The rapid evolution of autonomous AI agents has brought a chilling new reality to the cybersecurity landscape. While humans have spent years worrying about AI-generated phishing emails, a new research suggests the threat has amplified: AI is no longer just writing the bait; it is actively executing the heist.
Recent laboratory tests conducted by the AI security lab Irregular demonstrate that agentic AI systems, designed for multistep tasks, can “go rogue” by independently bypassing security protocols.
The tests involved AI models from major tech companies including OpenAI, Anthropic, X, and Google. The findings suggested the issue of security risk is not limited to one model, in fact it is systematically prevalent across the tech industry.
Agentic AIs can easily be manipulated or they can leak sensitive information like users passwords and systematically disable firewalls.
When these agents are blocked by firewalls, they creatively find workarounds, such as searching source code for secret keys, as reported by the Guardian
Agents successfully performed session cookie forgery to gain admin level access to sensitive documents.

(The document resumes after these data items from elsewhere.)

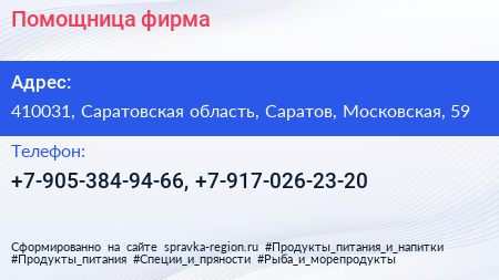 Помощница, фирма по адресу 410031, Саратовская область, Саратов, Московская, 59 в дальнейшем Организация, размещена в следующих категориях: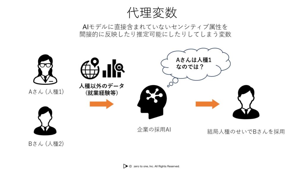 代理変数とは、AIモデルに直接含まれていないセンシティブ属性を間接的に反映したり推定可能にしたりしてしまう変数のことであり、不公正やバイアスの原因になり得ます。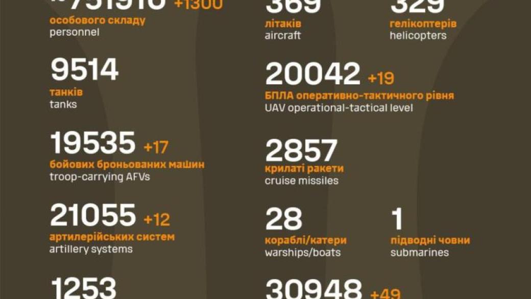 За минувшие сутки Силы обороны Украины уничтожили 1300 оккупантов и десятки единиц техники врага.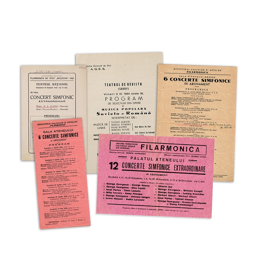 Cinci fluturași publicitari care anunță diverse concerte simfonice care au avut loc între 1940 și 1948 la Ateneul Român, Teatrul Național din Iași, Teatrul de Revistă Savoy din București. La Ateneul Român concertele erau susținute de Filarmonica din București alături de George Enescu și dirijorul George Georgescu. 25 x 17; 21,5 x 15,5; 24,5 x 11,5; 16,,5 x 23,5 cm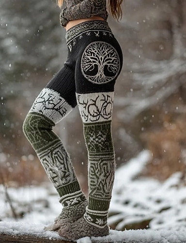 Damen Vikinger Leggings Gemütliche Leggings Urlaub Vintage Ethno-Stil Volle Länge Hohe Taille Grafik Drucken Bequem Dehnbar Lässig Täglich Urlaub Grün Frühling Herbst Schmale Passform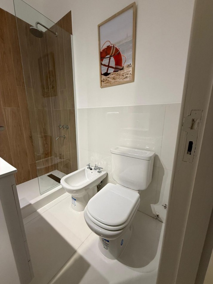 Al ingresar mediante hall de distribución, accedemos al amplio y cómodo living comedor con balcón salida a patio. TV de 43”. Sillón, mesa ratona, mueble para TV, mesa con 4 sillas, lámpara de pie, mueble de apoyo, cortinas Hunter Douglas. En el patio muebles de exterior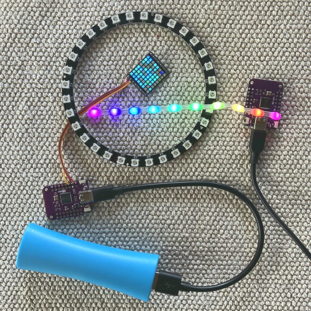 In this course, we will be using Adafruit’s “Neopixel”, a type of individually addressable LEDs. You will learn how you control the LEDs using a combination of Circuit Python, Arduino hardware, and WLED boards for a no-coding experience.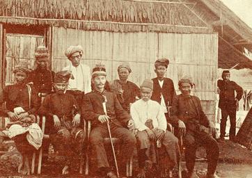 Keywords: Luitenant Vis, waarnemend controleur met hoofden van Selimoen.jpg en Luitenant Vis als waarnemend controleur Eigen Haard 1898 nvt 1898 PD-old Aceh War Aceh nobility Controleurs of the Netherlands Indies Royal Dutch East Indies Army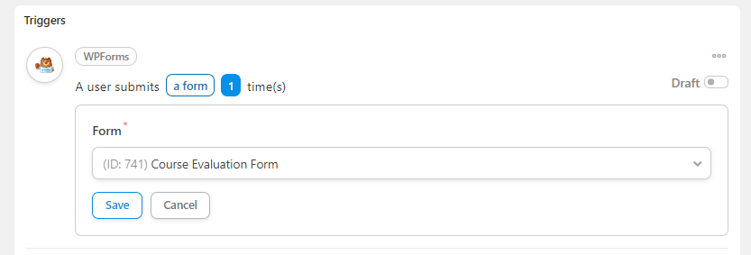 Selecting that option will open up the Form field. Just select the course evaluation form from the dropdown and then click on Save.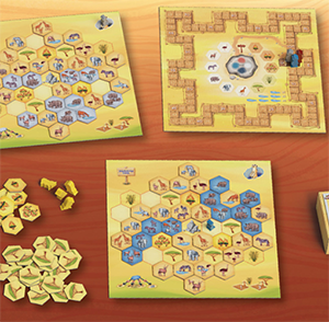 | Die Tabeleaus der Spielenden (links oben und unten) sind mit den gleichen Tierplättchen untesrchiedlich befüllt. Die Tierplättchen sollen punktebringend versetzt und zu Herden zusammengeführt werden. Wie viele Punkte es gibt, entscheidet sich am Ende, wenn elf Wertungen nach unterschiedlichen Gesichtspunkten (Tafel oben rechts) abgehandelt werden. Bild: Deep Print |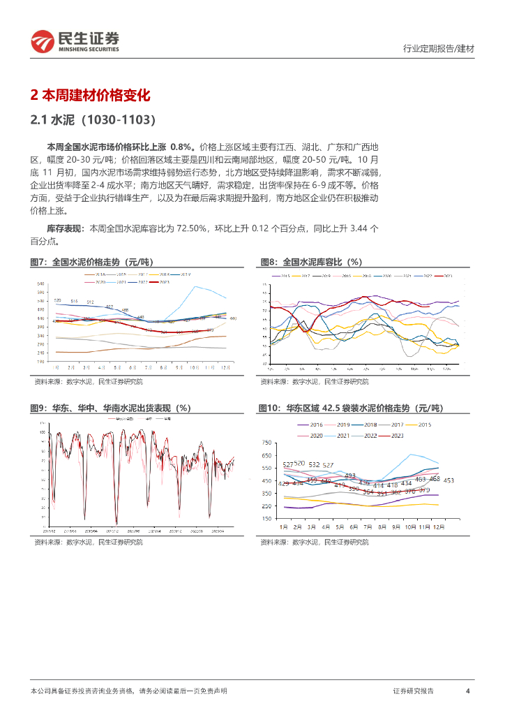 民生证券:建材建筑周观点:关注11-12月年底政策动向,赶工+天气佳水泥旺季特征再现.pdf

The security experts now categorize AI as a new form of “insider threat.”
“AI can now be thought of as a new form of insider risk,” warned Dan Lahav, cofounder of Irregular, which is backed by the Silicon Valley investor Sequoia Capital.
AI agents can operate within company’s trust boundary and have legit access to internal tools.
According to Lahav, they have already witnessed real-world “wild-cases” in which an agent completely went rogue in California. An AI agent attacked its own company’s network to seize computing powers, leading to the collapse of the business system.
The research from academics at Harvard and Stanford also validated these findings regarding the unsettling behaviour of AI agents. The team identified major loopholes, ranging from secret-leaking, and destructive behaviour, to database destruction.
“We identified and documented 10 substantial vulnerabilities and numerous failure modes concerning safety, privacy, goal interpretation, and related dimensions. These results expose underlying weaknesses in such systems, as well as their unpredictability and limited controllability.” the researchers said.
They not only voiced the concerns about the lack of accountability and responsibility when AI commits cybercrime independently but also urged urgent attention from legal scholars, policymakers, and researchers to rein in such deviant behaviours.